◆ **Work item**: A word-for-word copy of the lines below, starting at the line with "1903001426 องค์ประกอบสำหรับฆ่าเชื้อจุลินทรีย์ 2562" and ending at the last one, is what you should give. Omit every picture.
★ ★ ★ ★ ★ ★ ★
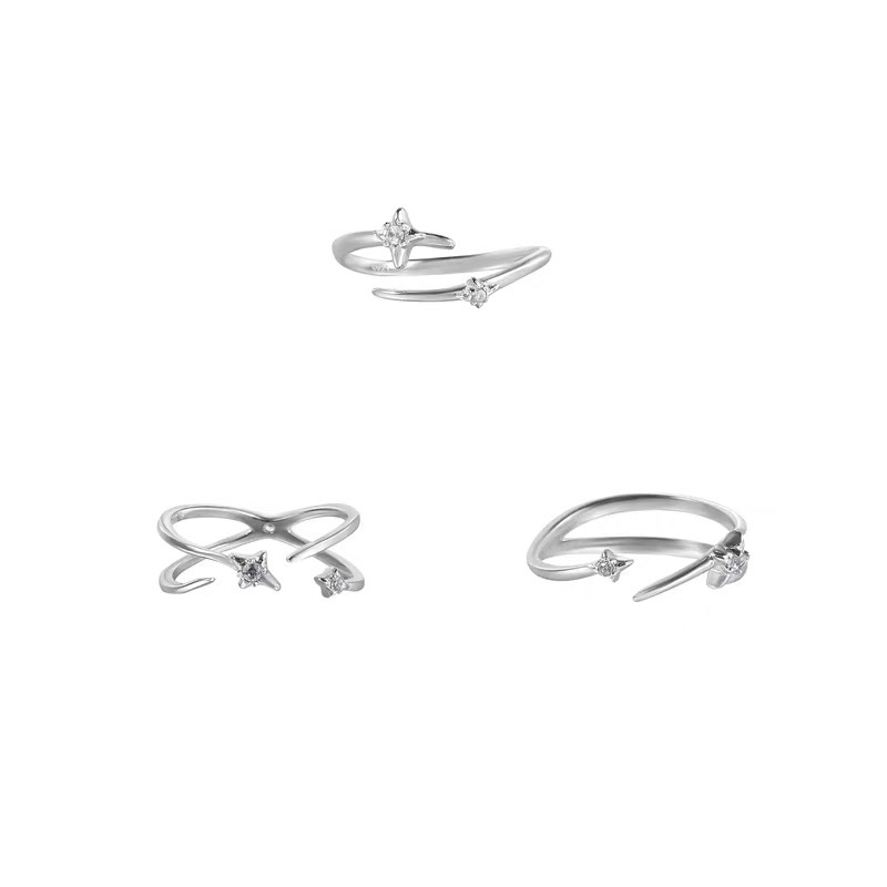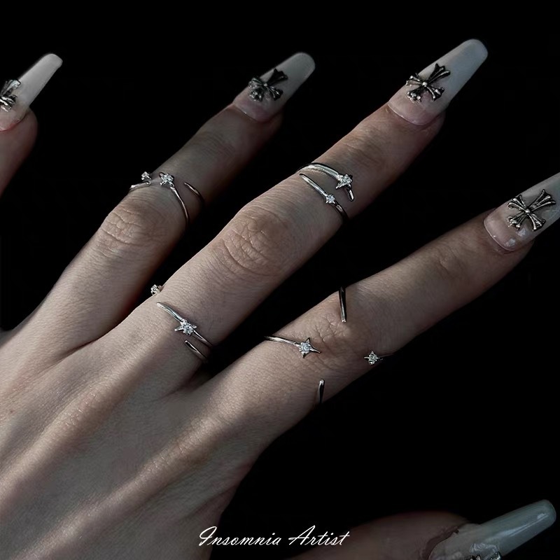 Niche Design Four Mans Star Zircon Ring Girls Ins High Sense Cold Wind Open Index Finger Ring Tail Ring
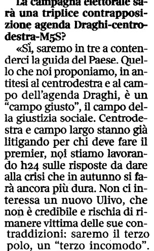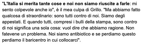 Invece Grillo -diavolo di un comico- ha deciso di uscire da questa legislatura sul suo blog come da un lager nazista, mescolandosi con i sopravvissuti. E dopo avere imposto a Conte -liberatoriamente definito “stronzo” sul Fatto Quotidiano da Marco Travaglio in persona, dopo tante lacrime per la estromissione omicida da Palazzo Chigi- il divieto di deroga al limite del doppio mandato. Con ciò egli ha ripreso di fatto la guida di ciò che resta del movimento ridotto ormai ad una scissione continua. Ed ha scopiazzato Benito Mussolini ed Enrico Berlinguer, che così diversi fra loro solo lui poteva mettere in qualche modo insieme.
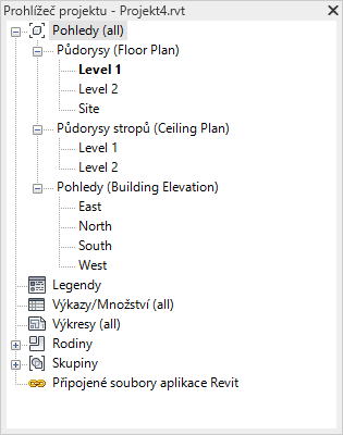Prohlížeč projektu zobrazuje logickou hierarchii všech pohledů, výkazů, výkresů, rodin, skupin a dalších částí aktuálního projektu. Postupně jak rozbalujete a sbalujete jednotlivé větve zobrazují se položky nižší úrovně.
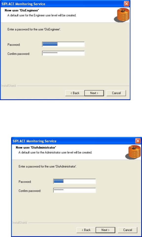 ¾ Enter the password for the OisAdministrator. The default password is "Siplace.1".
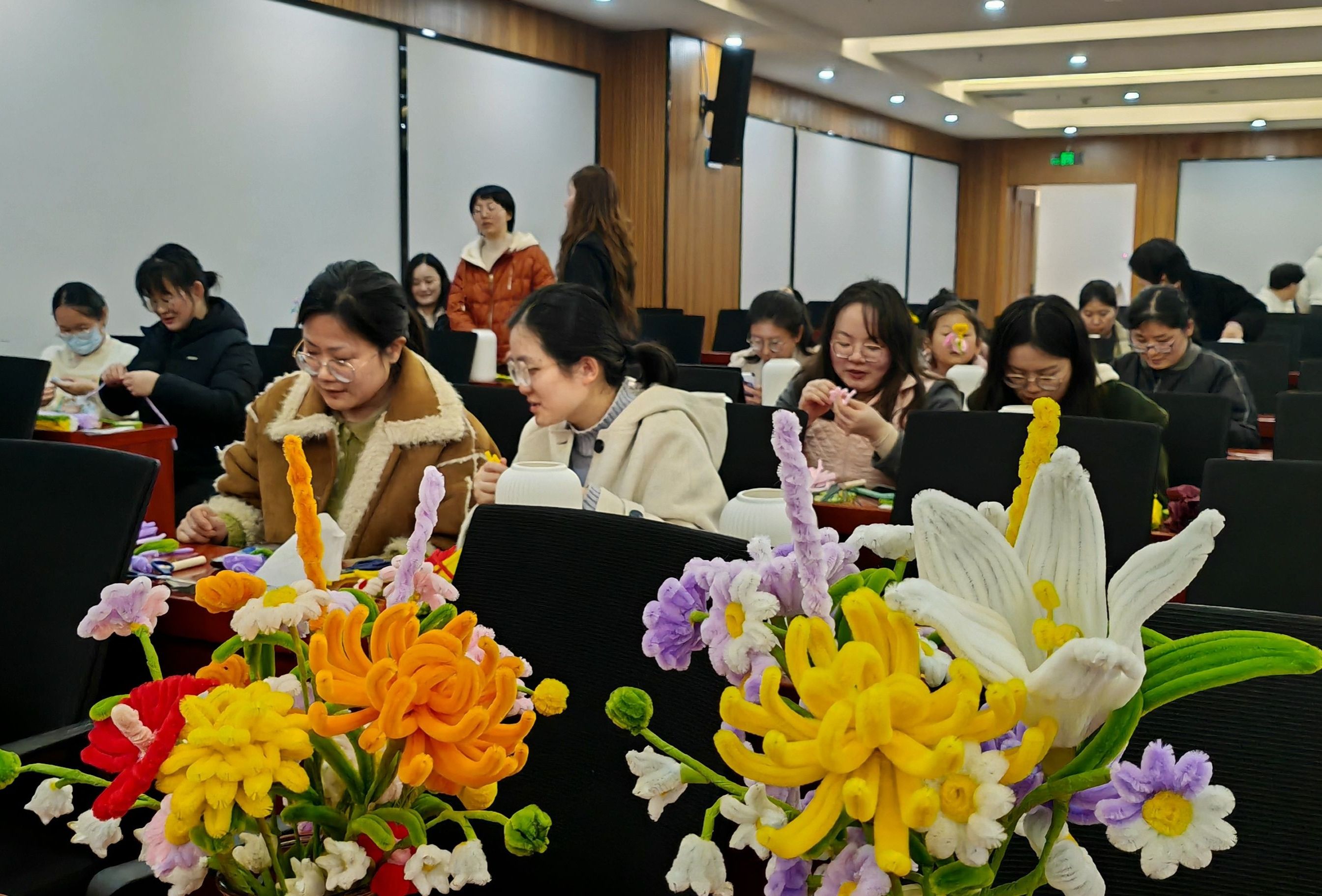 手工扭扭棒花束制作,巧手匠心,传递美好。活动的最后一项是手工扭扭棒花束制作。在制作视频的指导和学生志愿者的协助下,女职工们用五颜六色的扭扭棒制作出一束束精美的花束。每一朵花都凝聚了大家的巧思与匠心,象征着女性如花般绽放的美丽与力量。活动结束后,大家纷纷拍照留念,并将花束带回家中,为节日增添了温馨与浪漫的氛围。
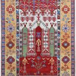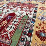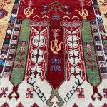 Konya carpets are named for the region in which they were made. Renamed from the Greek “Iconium” when the Seljuk Sultans of Rum made it their capital, Konya is one of the largest, oldest and continuously occupied cities in Asia Minor. When Polo wrote of the Konyas, he had probably seen them in manufactories that were attached to the Seljuk courts. In the early 20th century, large carpets were found in the Alaadin Mosque in Konya; they are now housed in the Museum of Turkish and Islamic Arts in Istanbul. Scholars and collectors alike, primarily for their bold tribal designs and magnificent color combinations not to mention their rarity, covet Konya rugs.
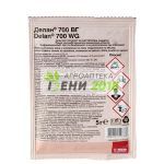 Делан 700 ВГ .Механизъм на действие: контактен кинонов фунгицид с предпазно и частично лечебно действие РАЗРЕШЕНИ УПОТРЕБИ Ябълки - Струпясване 50г/дка или 0.035% в комбинация със Строби ДФ/Дискус ДФ - 0.02%Лозя - Мана – 0.05%; Екскориоза 50г/дка Костилкови - праскови - Ранно кафяво гниене – 50г/дка Кайсии - Гномония – 50г/дка Череши - Бяла ръжда – 50г/дка Карантинен срок (дни): 20; 35 за ябълки
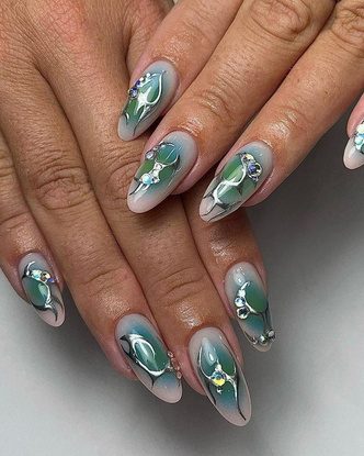 Если успели соскучиться по яркой зелени, маникюр — отличный способ принести в свою жизнь свежих красок. Зеленые акценты в пастельных и светлых оттенках палитры выглядят свежо и необычно в холодное время года. Осенью мы предлагаем попробовать модные «ногти-аура» в этом цвете — контраст зеленого и розового сделает маникюр очень стильным.
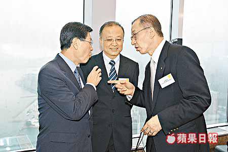 巴士阿叔名言「有壓力,未解決」熱爆全城,日日有人講,佢嘅經典「一陽指」動作都人氣高企,幾乎隨處可見。唔信?有圖為證。(圖一)華人置業行政總裁劉鑾雄(左)及主席劉鑾鴻(右);(圖二)港交所執行總監霍廣文(中)及鷹君羅嘉瑞(右);(圖三)南豐集團主席陳廷驊(右)。 梁鑑章及李潤芳攝
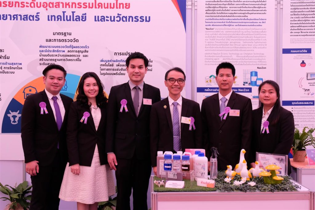 “น้ำยาฆ่าเชื้อ Naxzon” โดย ดร.วรายุทธ สะโจมแสง ทีมวิจัยนาโนเทคโนโลยีเพื่อสิ่งเเวดล้อม นาโนเทค ที่พัฒนาผลิตภัณฑ์ฆ่าเชื้อเชื้อจุลินทรีย์และไวรัสจากธรรมชาติด้วยไอออนประจุบวกของซิงค์เพื่อทดแทนยาปฏิชีวนะ เพื่อลดการใช้ยาปฏิชีวนะซึ่งเป็นสาเหตุหนึ่งของปัญหาเชื้อดื้อยา และยังตอบโจทย์หลักของรัฐบาลในเชิงเศรษฐกิจแบบ BCG ที่สามารถแข่งขันได้ในระดับโลก โดยไอออนประจุบวกของซิงค์ฆ่าเชื้อแบคทีเรียทั้งแกรมบวกและแกรมลบ รวมถึงฆ่าเชื้อไวรัสโดยเฉพาะเชื้อไวรัสอหิวาต์สุกรอัฟริกัน (African swine fever virus, ASFV) ได้เป็นผลิตภัณฑ์แรกที่พัฒนาจากงานวิจัยไทย ปัจจุบันเป็นต้นแบบเชิงพาณิชย์ โดยได้ถ่ายทอดเทคโนโลยีให้กับบริษัทยูนิซิลกรุ๊ปจำกัด เพื่อผลิตและจำหน่ายซิงค์ไอออนผลิตภัณฑ์ฆ่าเชื้อจุลินทรีย์และไวรัสจากธรรมชาติ ในชื่อของ “Naxzon” และจดอนุสิทธิบัตร เลขที่คำขอ 1903001426 องค์ประกอบสำหรับฆ่าเชื้อจุลินทรีย์ 2562
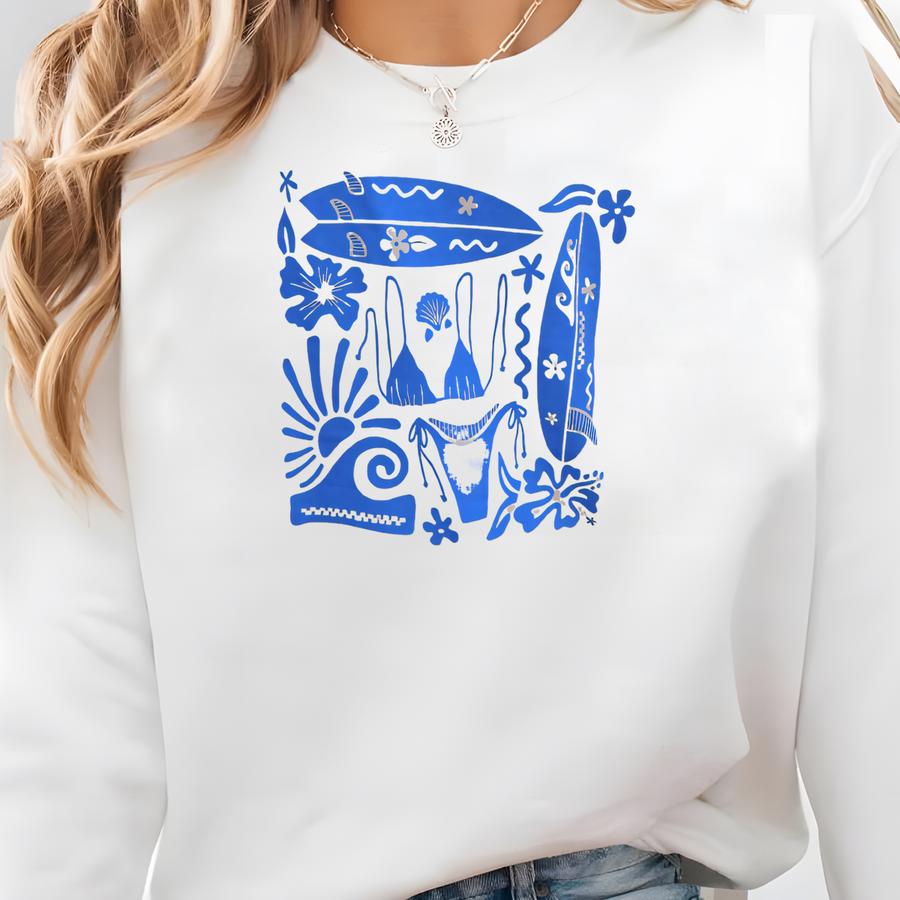 Ivory Blue Swim And Surf Tee Sweatshirt
★ ★ ★ ★ ★ ★ ★
◆ **Written response**:
 “น้ำยาฆ่าเชื้อ Naxzon” โดย ดร.วรายุทธ สะโจมแสง ทีมวิจัยนาโนเทคโนโลยีเพื่อสิ่งเเวดล้อม นาโนเทค ที่พัฒนาผลิตภัณฑ์ฆ่าเชื้อเชื้อจุลินทรีย์และไวรัสจากธรรมชาติด้วยไอออนประจุบวกของซิงค์เพื่อทดแทนยาปฏิชีวนะ เพื่อลดการใช้ยาปฏิชีวนะซึ่งเป็นสาเหตุหนึ่งของปัญหาเชื้อดื้อยา และยังตอบโจทย์หลักของรัฐบาลในเชิงเศรษฐกิจแบบ BCG ที่สามารถแข่งขันได้ในระดับโลก โดยไอออนประจุบวกของซิงค์ฆ่าเชื้อแบคทีเรียทั้งแกรมบวกและแกรมลบ รวมถึงฆ่าเชื้อไวรัสโดยเฉพาะเชื้อไวรัสอหิวาต์สุกรอัฟริกัน (African swine fever virus, ASFV) ได้เป็นผลิตภัณฑ์แรกที่พัฒนาจากงานวิจัยไทย ปัจจุบันเป็นต้นแบบเชิงพาณิชย์ โดยได้ถ่ายทอดเทคโนโลยีให้กับบริษัทยูนิซิลกรุ๊ปจำกัด เพื่อผลิตและจำหน่ายซิงค์ไอออนผลิตภัณฑ์ฆ่าเชื้อจุลินทรีย์และไวรัสจากธรรมชาติ ในชื่อของ “Naxzon” และจดอนุสิทธิบัตร เลขที่คำขอ 1903001426 องค์ประกอบสำหรับฆ่าเชื้อจุลินทรีย์ 2562
 Ivory Blue Swim And Surf Tee Sweatshirt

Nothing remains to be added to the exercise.